Friday, April 30, 2021

Understanding Survival In Its Rightful Place

Survival is a vital part of practical life, as there would be no daily life without surviving in order to experience it, and thus some actions are taken by the average person on a regular basis to ensure this.  Even in modern times, the Western approach to careers is about sheer survival before it is about status, comfort, and luxury.  Without any of the latter things, people would still need to work simply to have some sort of income to buy food and ensure access to water, housing, and transportation.  However, not only is even professional work itself not solely about survival, even if some people only care about getting paid, but numerous other parts of human life are based on things other than survival.

Most social relationships are not ultimately about staying alive.  Indeed, in an ultimate sense, social bonds are not necessary for survival at all anyway, as individual people could eat, create shelter, and even live without the constant threat of death on their own, short of having some disability that gets in the way.  Increased chances of survival are a byproduct of some social activities, but that is hardly why many people form friendships, seek dating relationships, or gather with others for religious purposes.  Survival might rarely even be on the minds of people who are not in immediate danger or severe poverty.  Regardless, survival is neither the most foundational thing about reality nor the most important philosophical issue; in fact, it is very far from being either.

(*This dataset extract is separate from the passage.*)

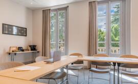 Organise your seminars, incentives and meetings at the appart-hotel Lyon Cité Internationale and benefit from a tailor-made service. Tell us your needs and we will manage your seminar from A to Z. Gather your guests in our 50 m² room and our 2 lounges of 40 and 60 m² that can be adapted to a 100 m² room. At your request, we can provide a video projector, a screen and a paperboard. You benefit from a complete à la carte offer, including accommodation, daylight meeting room and catering. During your stay, take advantage of the proximity of the Cité internationale de Lyon, its congress centre and its museum of contemporary art. Go for a daily jog in the flat hotel's fitness room or in the alleys of the Parc de la Tête d'Or.

It is true that a person cannot grasp reason, introspect, or pursue any personal or moral goal if they are not alive, but there is so much more to the matter that reveals just how trivial survival truly is.  Survival could not be understood conceptually or be a part of reality on any level if it was not logically possible to reason out truths about it or to act on those logical truths.  Reason is inevitably, inherently more foundational than survival.  In the case of survival, that it is a prerequisite to having a life long enough to be able to reflect on key philosophical issues does not make it of anything remotely similar to the utmost importance.

There is more that could be said.  For example, there is the fact that understanding one's own existence as a metaphysical being capable of aligning with reason and engaging in introspection is completely different from focusing on the biological nature of the body one's consciousness inhabits or the factors that allow the body to survive.  There is the fact that it is not obvious or clear whether or not an afterlife exists, which means that biological survival is not necessarily the ultimate form of human existence as it is.  There is the fact that perhaps no one at all wants to survive merely for the sake of living: they seek some sort of ideological or subjective fulfillment and survival happens to keep them on the path to obtaining that fulfillment.

It is hopelessly reductionistic and false to treat survival as the umbrella under which all aspects of human behavior and thought fall.  Survival is a means to an end desired more than survival itself, not the sole or ultimate thing for which everyone strives from one moment to the next.  Only irrational beliefs would bring someone to pretend like anything contrary to this summarizes human life.  This is the very nature of all reductionism, which entails a neglect of all but a single aspect of a concept when that aspect cannot account for the whole.  In the case of pitiful reductionistic attempts to emphasize the pursuit of survival over all other parts of human existence, all it takes is a few moments of sincere reflection and introspection to disprove the error in full.